- MATERIAL PROVIDED
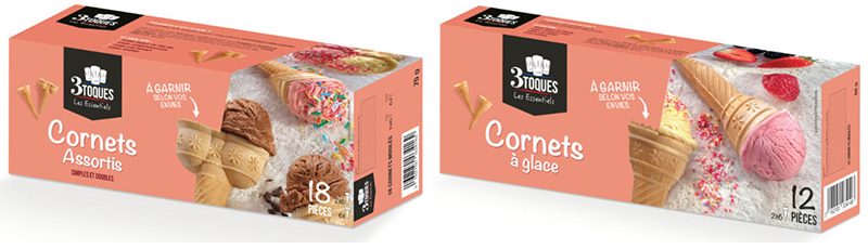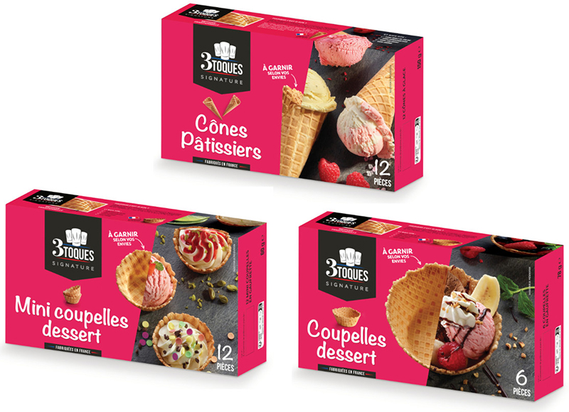 Il n'en fallait pas plus pour décider 3 TOQUES, le spécialiste du prêt-à-garnir, à lancer sa gamme de cornets et de coupelles dessert disponible au rayon aide à la pâtisserie. La gamme se compose de 5 références toutes plus croustillantes les unes que les autres. Leurs recettes sont élaborées sans huile de palme, sans conservateur, sans arôme ni colorant pour s'accorder un petit plaisir glacé sans culpabilité.
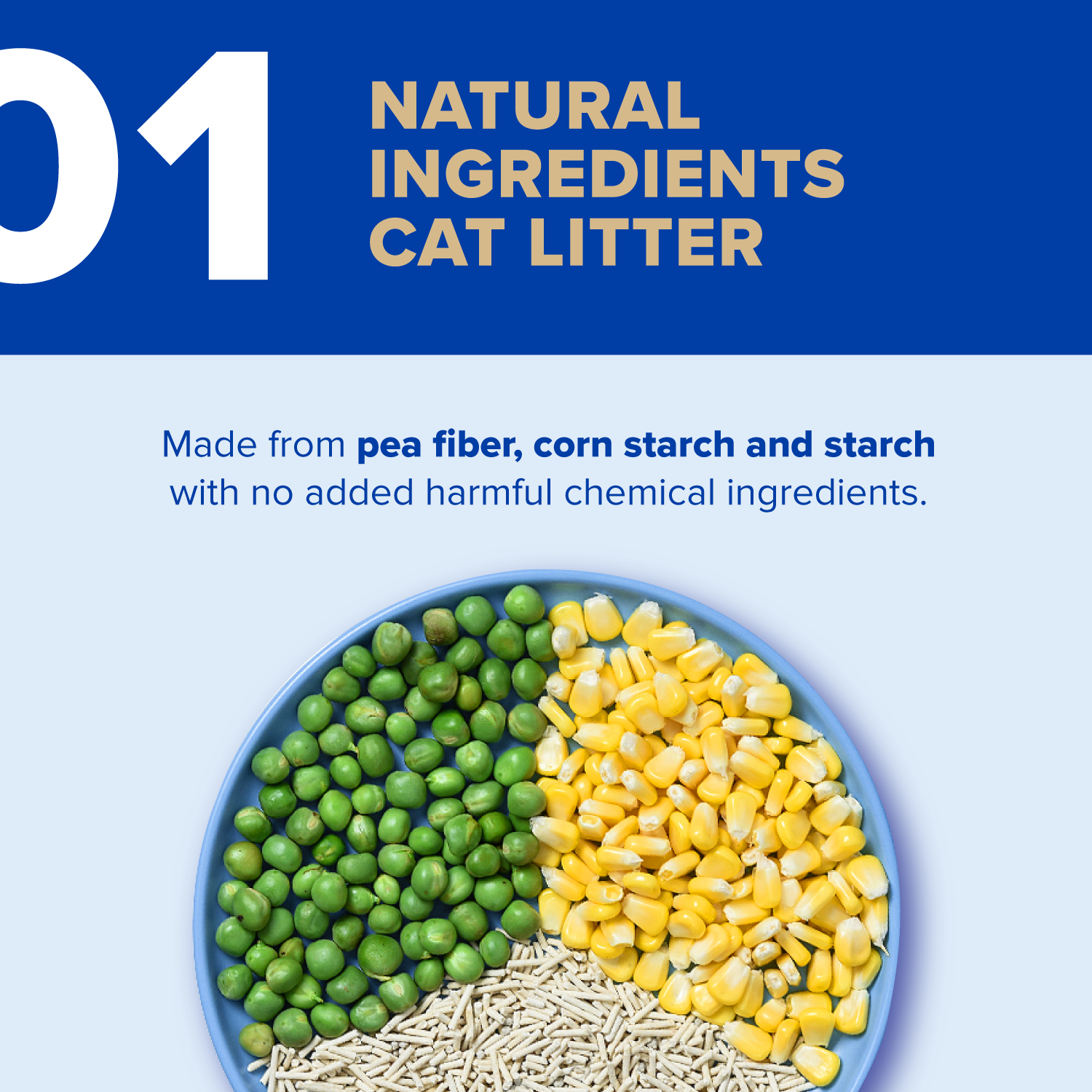Tofu cat litter is made from pea fiber, corn starch and starch with no added harmful chemical ingredients. This 100% plant-based and biodegradable product delivers highly effective performance which keeps both you and your purr babies happy and healthy.
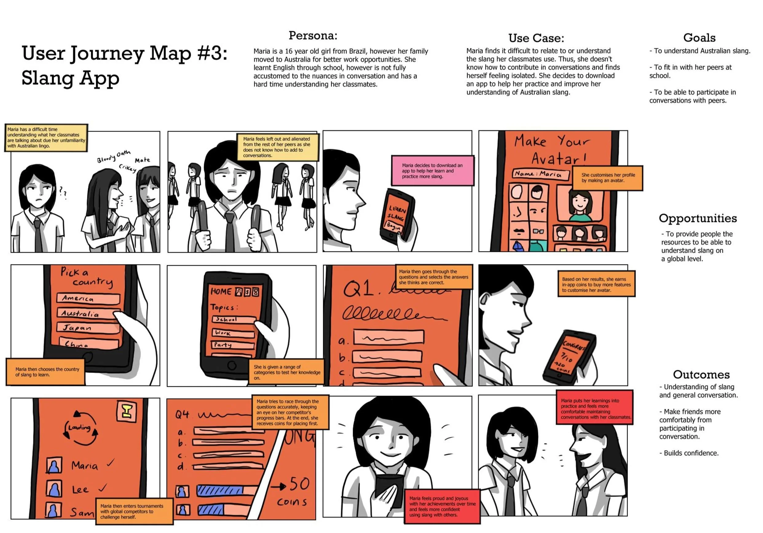You start by making an avatar, and through engaging in learning slang from a country of choice you can earn in-game coins which add up and allow you to buy items to decorate or add to your avatar. You can also compete with other users to race through all the slang for added fun and extra prizes. This app reduces communication barriers and reduces the fear of asking what things may mean by providing a safe platform where people can learn and understand slang from all around the world. Thus, this allows both parties to be able to understand one another and form long-lasting relationships.
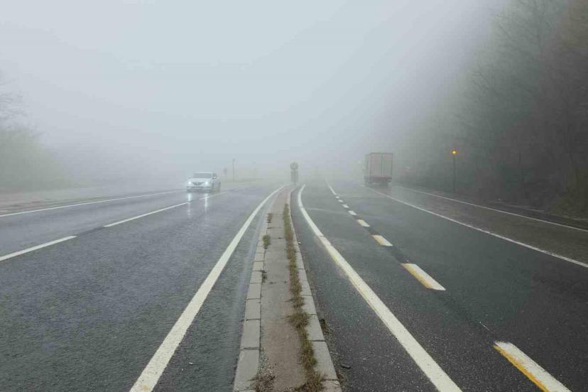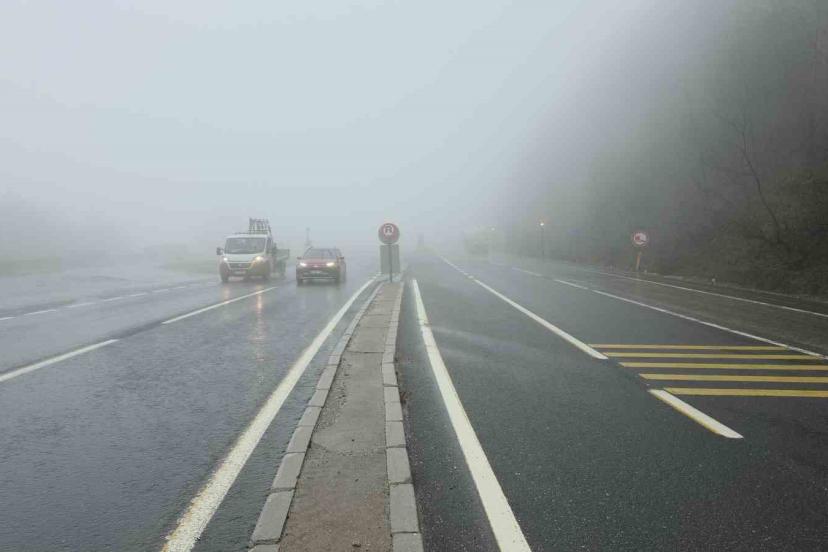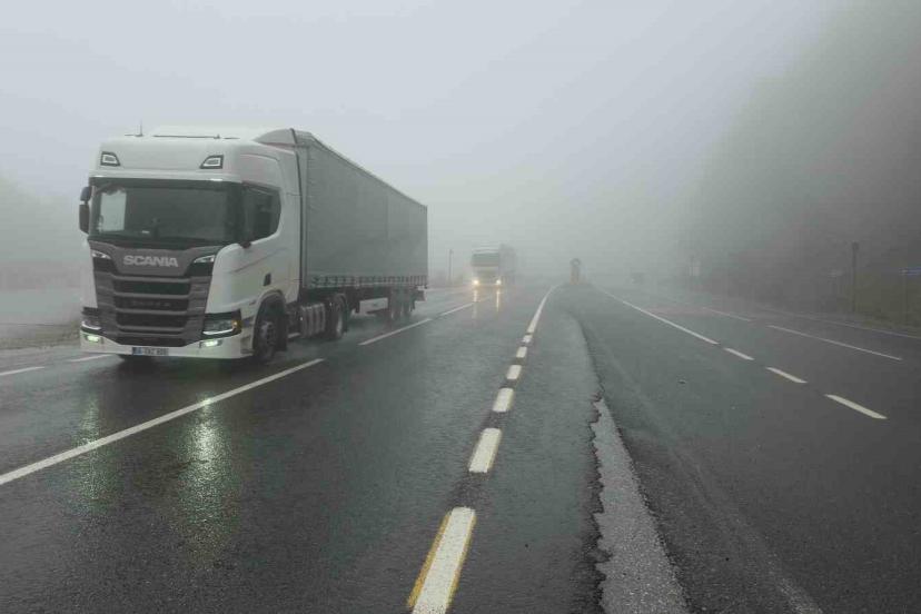 Karayolları ekipleri de yol kenarlarında bulunan sis lambalarını yakarak görüş mesafesine yardımcı oluyor.

- TASK INSTRUCTIONS
If pictures appear in the data, do not print them; repeat the rest exactly.

- ANSWER SPACE
 Il n'en fallait pas plus pour décider 3 TOQUES, le spécialiste du prêt-à-garnir, à lancer sa gamme de cornets et de coupelles dessert disponible au rayon aide à la pâtisserie. La gamme se compose de 5 références toutes plus croustillantes les unes que les autres. Leurs recettes sont élaborées sans huile de palme, sans conservateur, sans arôme ni colorant pour s'accorder un petit plaisir glacé sans culpabilité.
Tofu cat litter is made from pea fiber, corn starch and starch with no added harmful chemical ingredients. This 100% plant-based and biodegradable product delivers highly effective performance which keeps both you and your purr babies happy and healthy.
You start by making an avatar, and through engaging in learning slang from a country of choice you can earn in-game coins which add up and allow you to buy items to decorate or add to your avatar. You can also compete with other users to race through all the slang for added fun and extra prizes. This app reduces communication barriers and reduces the fear of asking what things may mean by providing a safe platform where people can learn and understand slang from all around the world. Thus, this allows both parties to be able to understand one another and form long-lasting relationships.
 Karayolları ekipleri de yol kenarlarında bulunan sis lambalarını yakarak görüş mesafesine yardımcı oluyor.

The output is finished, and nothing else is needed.